Boston, New Orleans, Toronto and New Jersey essentially sat out the process. Detroit (Tayshaun Prince) and Atlanta (Dan Dickau) added only late first-round picks.

With Jay Williams, the Bulls made a major strides but from what depths? Until Eddie Curry and Tyson Chandler pass through puberty, it remains a waiting game.

With Wagner, the Cavaliers continued to founder loads of guards, little up front, seemingly a complete lack of structure from a franchise available to the highest bidder.

Washington created a buzz with its additions of skeletal Jared Jeffries and scrawny Juan Dixon and well could be a contender in the welterweight division if not the Atlantic.
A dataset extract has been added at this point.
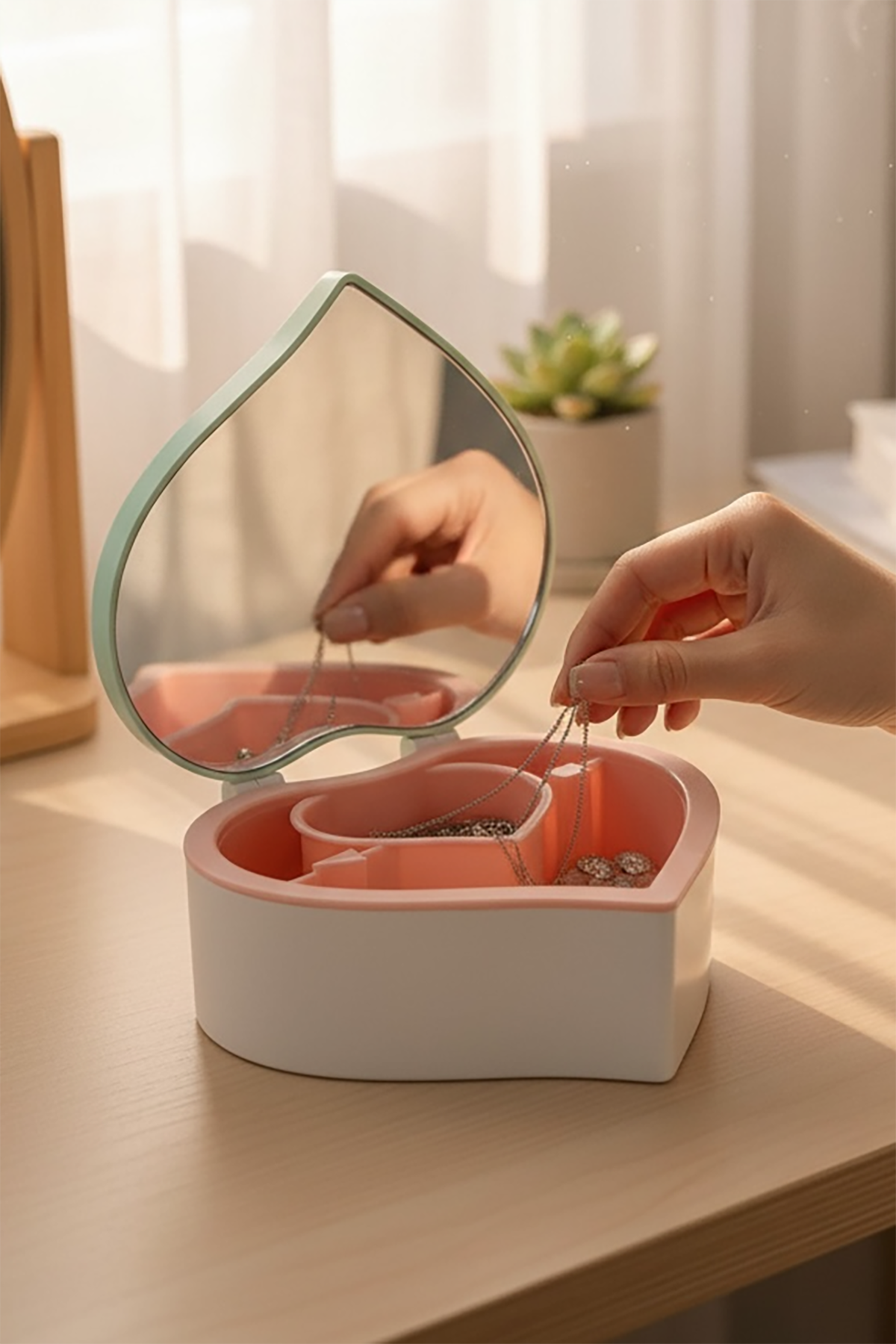 Beyaz Renk Kalp Figürlü Aynalı Takı Organizeri

It all still comes down to Michael.

As for the Heat, it's as if it is bracing for the real reason Caron Butler slid to No. 10. It was the rare instance in the East where the draft offered unadulterated hope.

Yet throw the conference together and there still is not a team capable of stepping up against the Western powers.

Yes, McDyess came East on Wednesday night, but so did Nick Anderson, Mark Bryant and Lindsey Hunter. Now there's a shift in the balance of power for you.

Wednesday changed nothing. Talent continued to flow west.

Advantage New York

The McDyess trade impacted both sides of the Hudson.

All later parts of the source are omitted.